In the ordinary quests through the parishes, for the maintenance of the aged and orphans depending on the labors of the Sisters of Providence, she cheerfully, yes, generously, gave herself to these humiliating duties, and her cordiality and prudence among strangers on such occasions is truly noteworthy. As late as February 1900, one of these long and fatiguing trips was made through Smiths Falls, Merrickville and Kemptville. A very devoted brother, Rev. T. P. O'Connor being Pastor of the last named parish, the collection was so arranged that the supreme pleasure of spending a few days at his home might be her privilege. The long desired visit was appreciated and thoroughly enjoyed by our dear Sister.
At this time she had quietly passed her "Silver Jubilee" and although apparently possessing much youthfulness and vigor she was a victim of serious heart affection. Several apoplectic spells had warned the Community that the termination of a life so ardent and useful would come unexpectedly.

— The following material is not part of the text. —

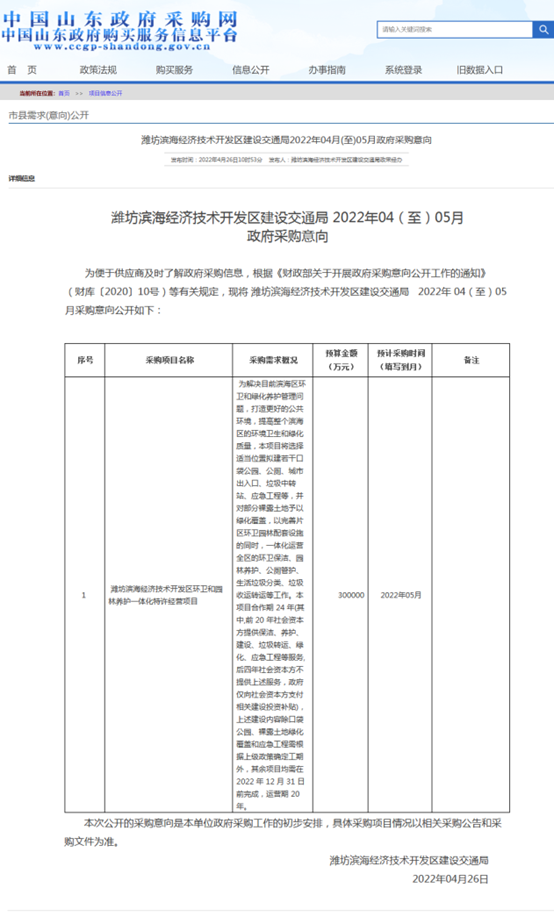 采購(gòu)項(xiàng)目名稱:濰坊濱海經(jīng)濟(jì)技術(shù)開發(fā)區(qū)環(huán)衛(wèi)和園林養(yǎng)護(hù)一體化特許經(jīng)營(yíng)項(xiàng)目預(yù)算金額:300000(萬(wàn)元)預(yù)計(jì)采購(gòu)時(shí)間:2022年05月采購(gòu)需求概況:為解決目前濱海區(qū)環(huán)衛(wèi)和綠化養(yǎng)護(hù)管理問題,打造更好的公共環(huán)境,提高整個(gè)濱海區(qū)的環(huán)境衛(wèi)生和綠化質(zhì)量,本項(xiàng)目將選擇適當(dāng)位置擬建若干口袋公園、公廁、城市出入口、垃圾中...

One of the annual retreats was to open March 28, and her name was among the number, who would enter into holy solitude, but God had designed otherwise. On Sunday evening, the feast of the Annunciation, feeling greatly fatigued after removing the grand decorations, she obtained permission to retire earlier than usual. Her illness became serious and she was ordered to the Infirmary. The bursting of a blood-vessel in connection with the brain, rapidly decided her life to be in imminent danger. The announcement fell like a tremendous thunderbolt on the Community… the last Sacraments were administered and the members of her affectionate family summoned. Fully realizing that very soon she must meet the God, whom she had so truly loved and served, she gave a parting advice to her grief-stricken and only sister, and peacefully resigning her soul, and she prepared religiously for death. Shortly after receiving the Holy Viaticum she lapsed into a comatose state which continued for thirty-six hours. The life closing scene of our dear Sister was soul-stirring and appealed to the sympathies of her religious companions. The great number of Sisters assembled at the Mother house for retreat, spent every free moment around her dying bed, pouring out fervent supplications to the agonized Heart of her Divine Spouse, in behalf of one who had for many years generously borne her share of the Community's labors and hardships and whose boundless good-nature and cheerful disposition had gained their truest affections. Her loving brother, Rev. Father O'Connor, remained constantly at the bedside assisting by absolutions and prayers his most affectionate sister and at 5 p.m. Friday, March 30, death relieved Sister Mary of Mercy from these cruel agonies.
On Monday the obsequies were conducted in the usual impressive manner, His Grace, the Archbishop, presiding in the Sanctuary, and her Reverend Brother, with deacon and sub-deacon chanting the Requiem service. After the solemn Libera the remains of an edifying Sister of Charity were reverently placed in St. Mary's Vault.
As a worthy commemoration of our departed Sister who toiled and prayed with us, let us lovingly implore our powerful Queen and Mother of Mercy, to release from the thralldom of imperfection, a soul truly devoted to her and place our loved Sister in bliss eternal, for great is the holiness of God!